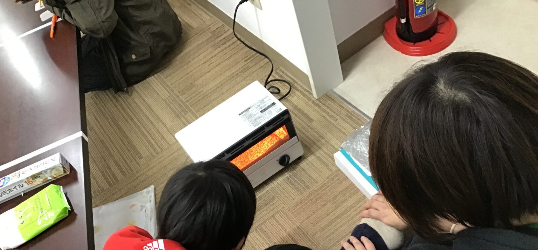 描き終わったら、サポーターと一緒にオーブントースターで焼く様子を観察しました👀
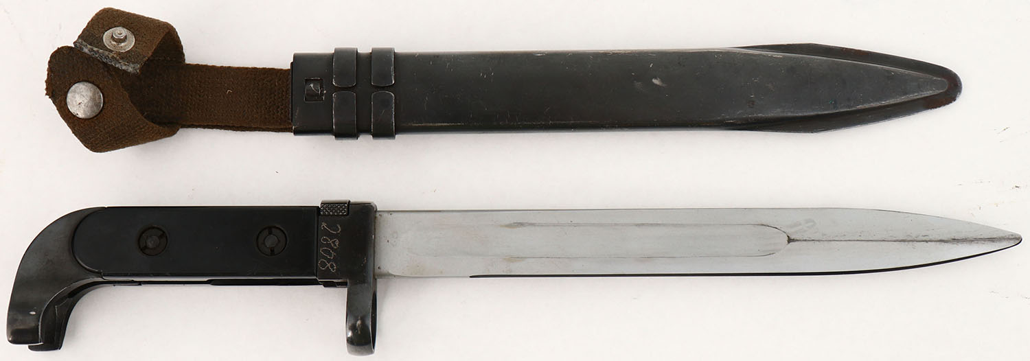 East German, AK-47 (M1951) bayonet, with sheath & frog. The blade has light sheath wear. The guard & pommel have a deep blue finish with the S/N electro penciled on the left side of the guard & is ''2808''. That mark was put over the marking ''G 8122''. The sheath/frog assembly has finish wear in spots. Grade: Excellent ++ - Value: 50 to 100
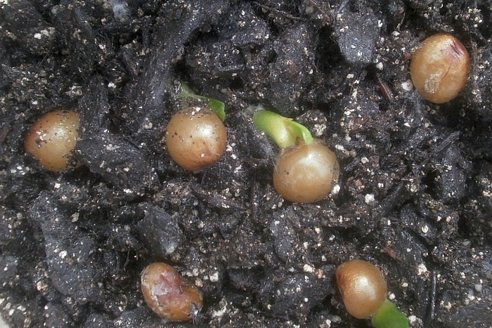 - 2) Så det hovne frøet i en avstand på 2 cm i torv-perlit-blandingen. Perlit kan erstattes med sand eller torv.
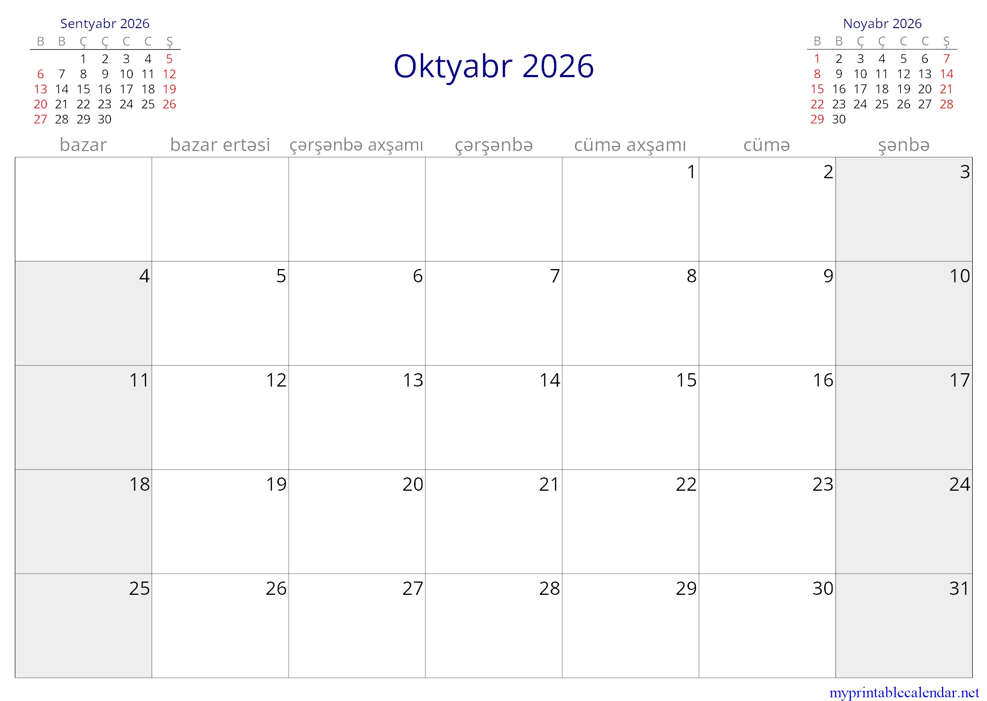 Oktyabr 2026 monthly calendar, Azerbaijan, Azeri (Latin, Azerbaijan) jpg
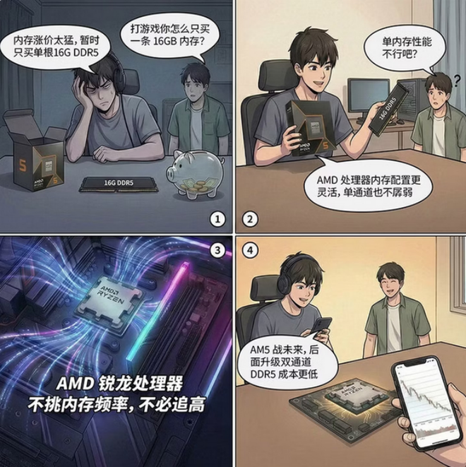 拒绝内存焦虑!AMD 锐龙5 9600X搭配单通道DDR5战未来
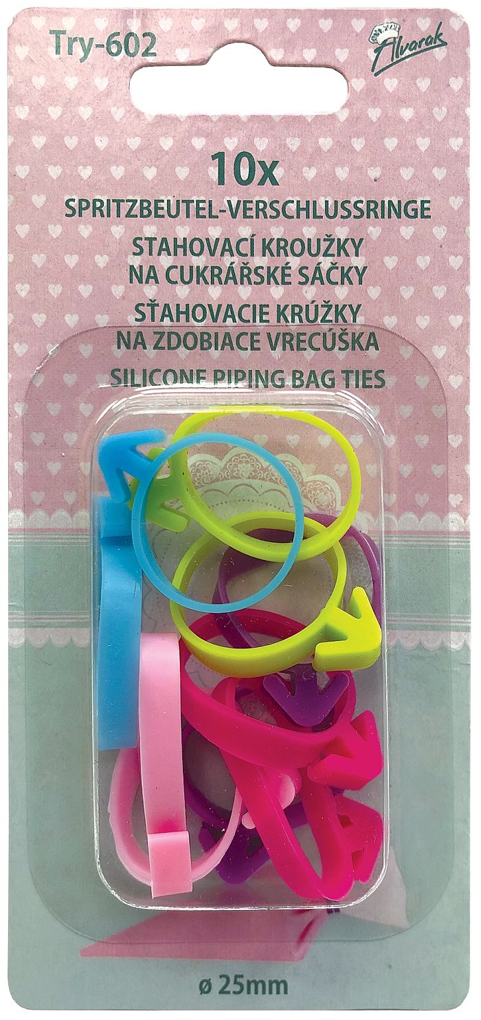 Stahovacími kroužky na zdobicí sáček se zabrání vytékání krému ze sáčku a díky tomu se udrží sáček v čistotě. Kroužky jsou vyrobeny z kvalitního plastu a jsou snadno omyvatelné. Balení obsahuje 10 ks.

→ **What needs to be done**
Go back to the line containing "Oktyabr 2026 monthly" and output it and every line after it through the end of the records, exactly, but not the pictures.

→ **Result for this task**
 Oktyabr 2026 monthly calendar, Azerbaijan, Azeri (Latin, Azerbaijan) jpg
 拒绝内存焦虑!AMD 锐龙5 9600X搭配单通道DDR5战未来
 Stahovacími kroužky na zdobicí sáček se zabrání vytékání krému ze sáčku a díky tomu se udrží sáček v čistotě. Kroužky jsou vyrobeny z kvalitního plastu a jsou snadno omyvatelné. Balení obsahuje 10 ks.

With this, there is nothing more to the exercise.